Page MenuHomeFreeBSD

random(4): Attempt to persist entropy promptly
ClosedPublic

Authored by cem on Mar 28 2019, 11:14 PM.

Details

Summary

random(4): Attempt to persist entropy promptly

The goal of saving entropy in Fortuna is two-fold: (1) to provide early
availability of the random device (unblocking) on next boot; and (2), to
have known, high-quality entropy available for that initial seed. We know
it is high quality because it's output taken from Fortuna.

The FS&K paper makes it clear that Fortuna unblocks when enough bits have
been input that the output may be safely seeded. But they emphasize
that the quality of various entropy sources is unknown, and a saved entropy
file is essential for both availability and ensuring initial
unpredictability.

In FreeBSD we persist entropy using two mechanisms:

  1. The /etc/rc.d/random shutdown() function, which is used for ordinary shutdowns and reboots; and,
  1. A cron job that runs every dozen minutes or so to persist new entropy, in case the system suffers from power loss or a crash (bypassing the ordinary shutdown path).
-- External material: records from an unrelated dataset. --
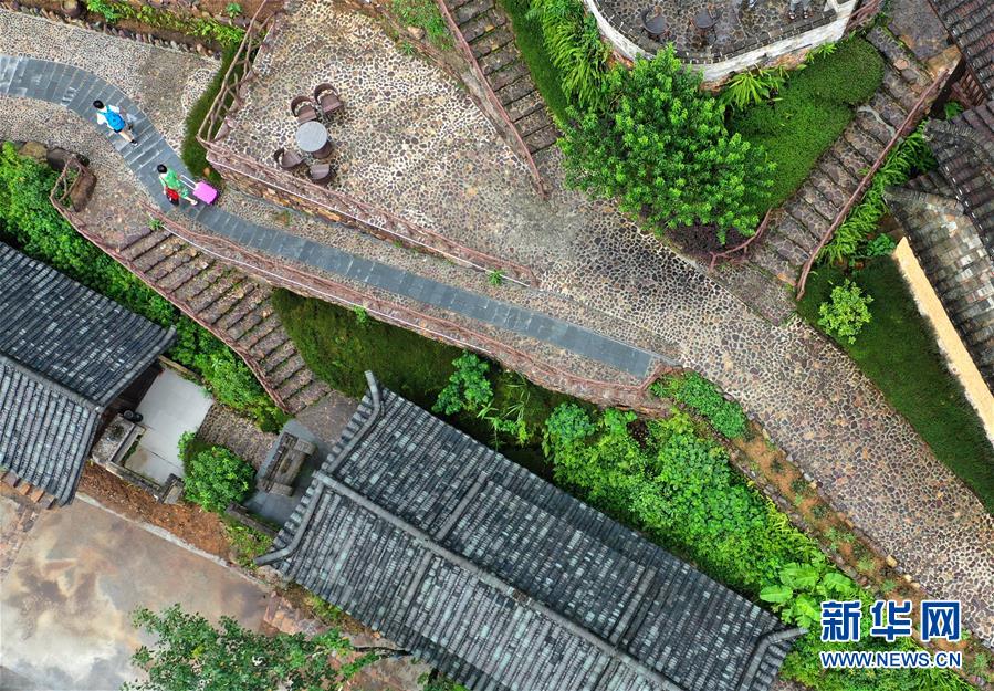7月11日,游客行走在金秀瑤族自治縣六巷鄉一處民宿內(無人機照片)。 近年來,廣西金秀瑤族自治縣依托當地自然生態優勢,圍繞境內豐富的瑤族文化,大力發展鄉村旅游,精心打造一批獨具瑤族特色的山間民宿酒店,取得良好經濟效益。 新華社記者 周華 攝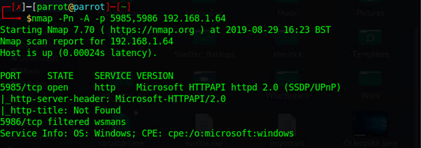 При сканировании ОС Windows пользователь имеет возможность наткнуться на данный процесс. На скрине изображены порты номер 5985 (http) и 5986 (https).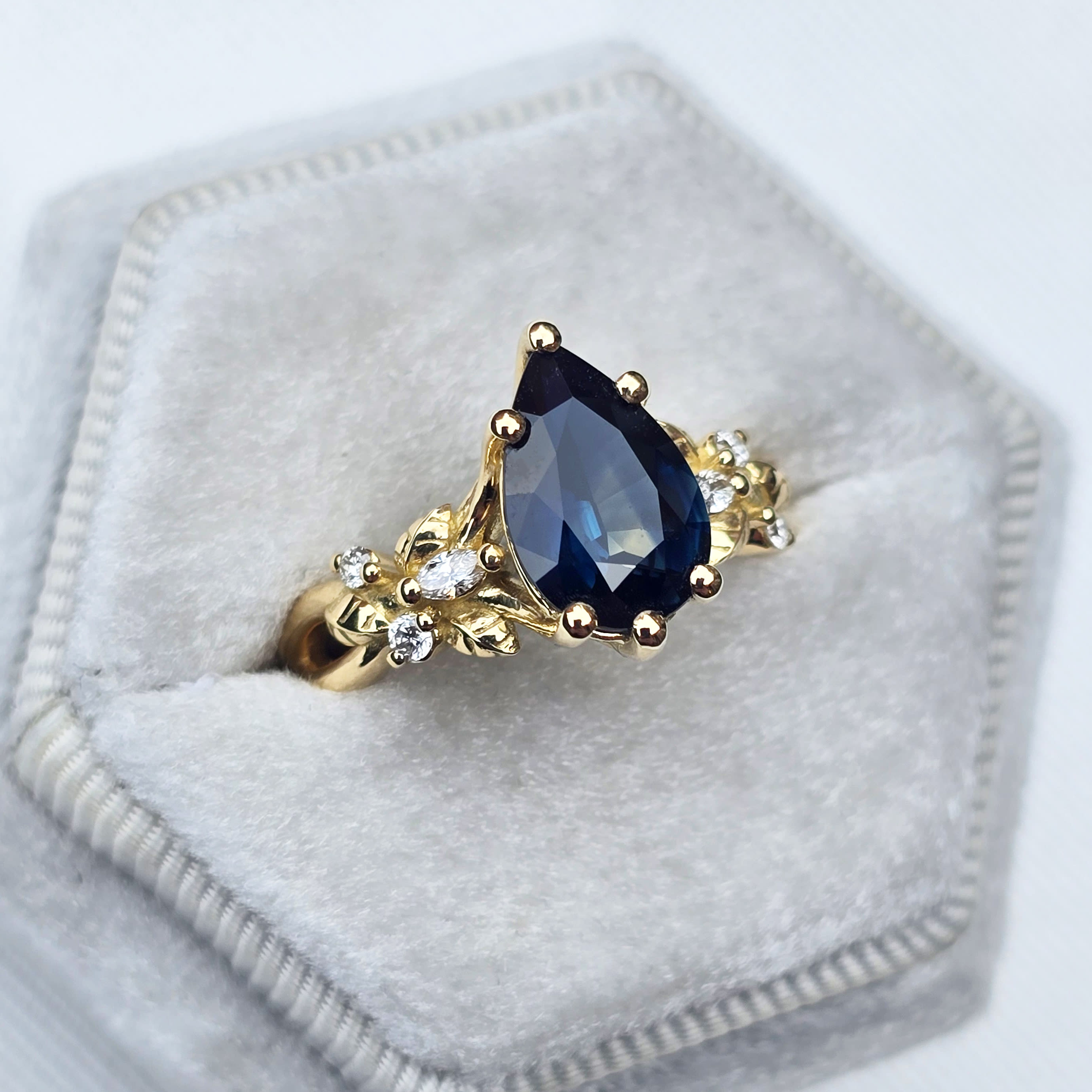 Description: The Flora Belle sapphire and diamond ring features a pear-shaped, 2.38-carat natural Australian sapphire centre stone. The design is accented by a a cluster of minature golden leaves and diamonds, in a weaving band, all in 18ct yellow gold.

Filesystems are free to cache dirty data indefinitely, with arbitrary flush
policy. Fsync must be used to ensure the data is persisted, especially for
the cron job save-entropy which is oriented at power loss or crash safety.
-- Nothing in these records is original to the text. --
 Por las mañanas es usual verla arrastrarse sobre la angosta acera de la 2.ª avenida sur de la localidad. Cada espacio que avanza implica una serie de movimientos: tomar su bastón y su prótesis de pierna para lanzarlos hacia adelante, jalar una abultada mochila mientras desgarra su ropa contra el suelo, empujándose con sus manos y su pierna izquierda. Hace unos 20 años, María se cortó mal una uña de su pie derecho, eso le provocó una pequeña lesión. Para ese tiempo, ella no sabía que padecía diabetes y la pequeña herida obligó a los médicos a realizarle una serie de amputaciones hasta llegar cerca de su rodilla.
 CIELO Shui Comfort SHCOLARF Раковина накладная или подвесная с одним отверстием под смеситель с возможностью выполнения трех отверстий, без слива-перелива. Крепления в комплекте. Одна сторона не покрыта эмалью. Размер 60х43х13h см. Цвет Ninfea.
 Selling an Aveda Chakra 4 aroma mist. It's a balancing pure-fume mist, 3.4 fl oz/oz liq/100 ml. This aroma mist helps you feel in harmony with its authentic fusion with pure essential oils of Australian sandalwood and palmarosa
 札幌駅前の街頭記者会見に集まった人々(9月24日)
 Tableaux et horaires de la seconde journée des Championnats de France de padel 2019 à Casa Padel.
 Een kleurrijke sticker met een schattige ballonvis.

Ordinary shutdown may not need the fsync because unmount should flush out
the dirty entropy file. But it is always possible power loss or crash
occurs during the short window after rc.d/random shutdown runs and before
the filesystem is unmounted, so the additional fsync there seems harmless.

PR: 230876

Diff Detail

Repository
rS FreeBSD src repository
Lint
Automatic diff as part of commit; lint not applicable.
Unit
Automatic diff as part of commit; unit tests not applicable.

Event Timeline

cem created this revision.Mar 28 2019, 11:14 PM
cem planned changes to this revision.Mar 29 2019, 2:21 AM

I also plan to do the same treatment to libexec/rc/rc.d/random.

I think a 'fsync saved-entropy.1 .' should be sufficient.
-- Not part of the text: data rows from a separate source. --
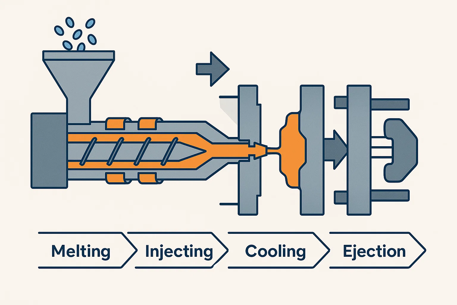 এটি কীভাবে কাজ করে: গলে যাওয়া, ইনজেকশন, শীতলকরণ এবং ইজেকশন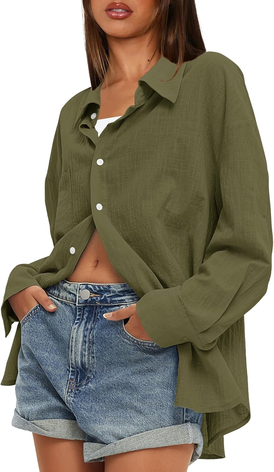 Darong Womens Button Down Shirts Cotton Dress Shirts Long Sleeve Work Blouses Collared Tops Tunics with Pocket 9214 Army Green S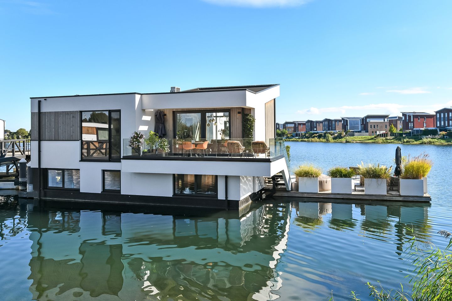 - duurzaam betonnen drijvend terras van ca. € 45.000,- meerprijs (t.o.v. een standaard houten terras)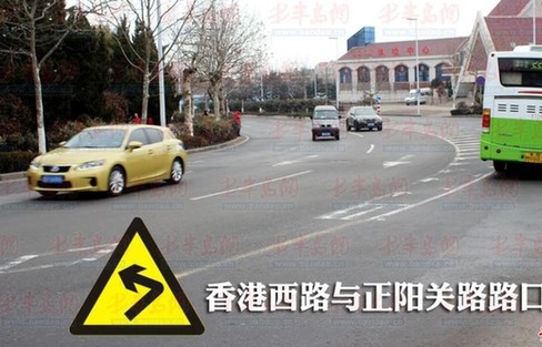 “前面路口有个急弯,开车可得慢点。”25日,根据袁师傅提到的几处危险路段,记者乘车来到其中之一的香港西路与正阳关路路口,在沿香港西路自东向西行驶到该路口时,右拐弯度极大的路口十分考验司机的驾驶技术。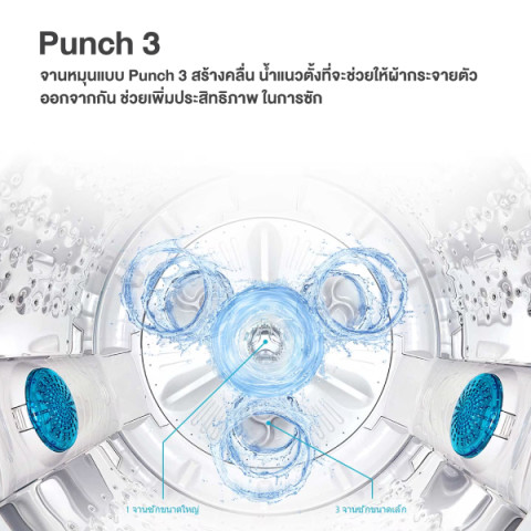 Punch+3 สร้างคลื่นน้ำแนวตั้ง กระจายผ้า เพิ่มประสิทธิภาพการซัก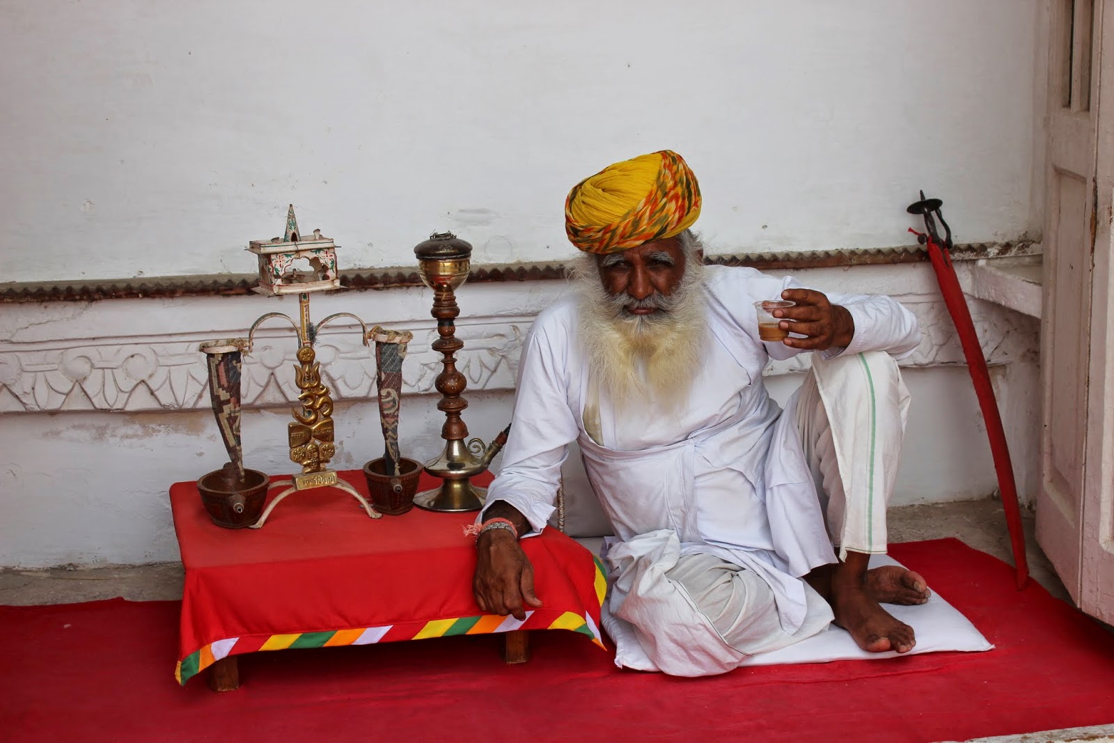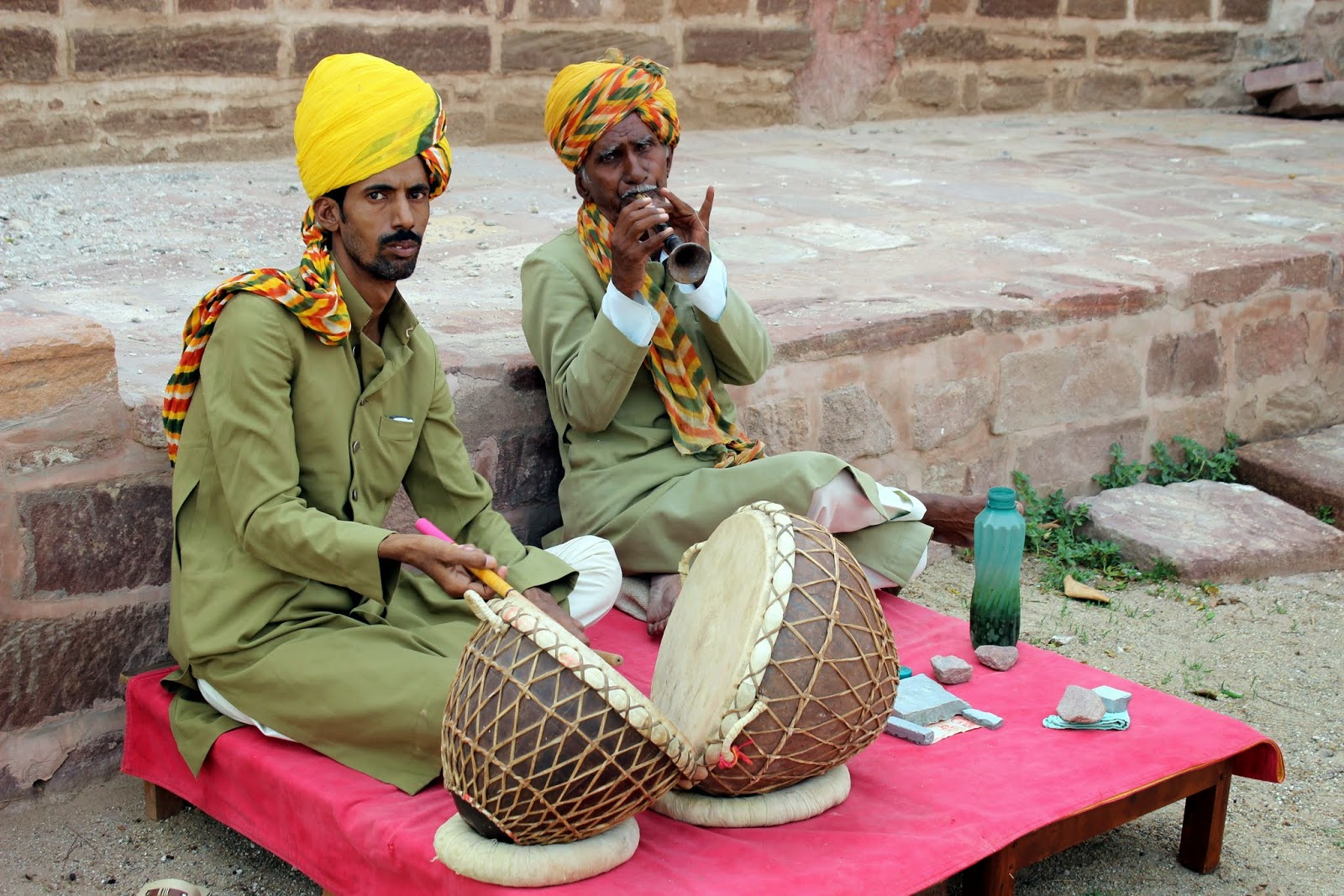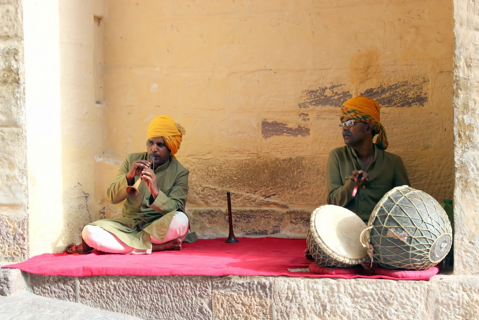 4h30 de route pour rejoindre la ville bleue, on verra pourquoi "bleue"plus loin, c'est rapide et une bonne moyenne. Une meilleure route et une circulation un peu moins importante (désert +dimanche), nous permet d'atteindre Jodhpur en début d'après midi. Gourav, qui connaît bien nos habitudes maintenant, nous fait déjeuner dans un resto familial. Pour être simple, c'est simple. Pour une poignée de roupies, on s'offre un repas typique, qu'on devrait manger avec les mains. On tente de s'habituer à cette pratique, mais on a encore quelques cours techniques à suivre. Pour ceux qui veulent savoir, comme les plats qui sont servis sont généralement végétariens et en sauce, ils nous servent du chapati. Ce sont des espèces de galettes de pain. On découpe cette galette chaude en petits morceaux qu'on utilise comme pince pour se servir. Désormais, on va adopter ce système à la maison en rentrant...enfin, on verra.

We don't really care if the renames were not persistent until the new entropy is saved, and delaying it further with additional I/O activity would not benefit us.

(Personally I don't think we need even doing the fsync, though: the intention of saved-entropy is to give /dev/random some randomness that is not otherwise available by other means, like device attach, etc. at boot time, and to that extent not having the latest and freshest saved entropy doesn't really matter that much, but a final fsync doesn't seem to hurt either, so I'm neutral with this proposal.).

libexec/save-entropy/save-entropy.sh
83 ↗(On Diff #55568)

fsync'ing the directory node would result in more writes and I think we can tolerate if it failed to sync.

94 ↗(On Diff #55568)

This can be merged with the '.' (fsync saved-entropy.1 .).

markm accepted this revision.Mar 29 2019, 9:31 AM

Accept with delphi's changes.

cem added a comment.Mar 29 2019, 9:41 PM

I think a 'fsync saved-entropy.1 .' should be sufficient.
We don't really care if the renames were not persistent until the new entropy is saved,

Sure, if that is the power-fail/crash behavior of un-fsynced renames. But I don't believe that model is accurate. There is no requirement that the underlying filesystem order the dirent writes in a way that matches this observable behavior; the only requirement is that it is persisted by fsync.

FS&K §9.6.2 is clear, "All updates to the seed file must be atomic" and goes into more detail in §9.6.5.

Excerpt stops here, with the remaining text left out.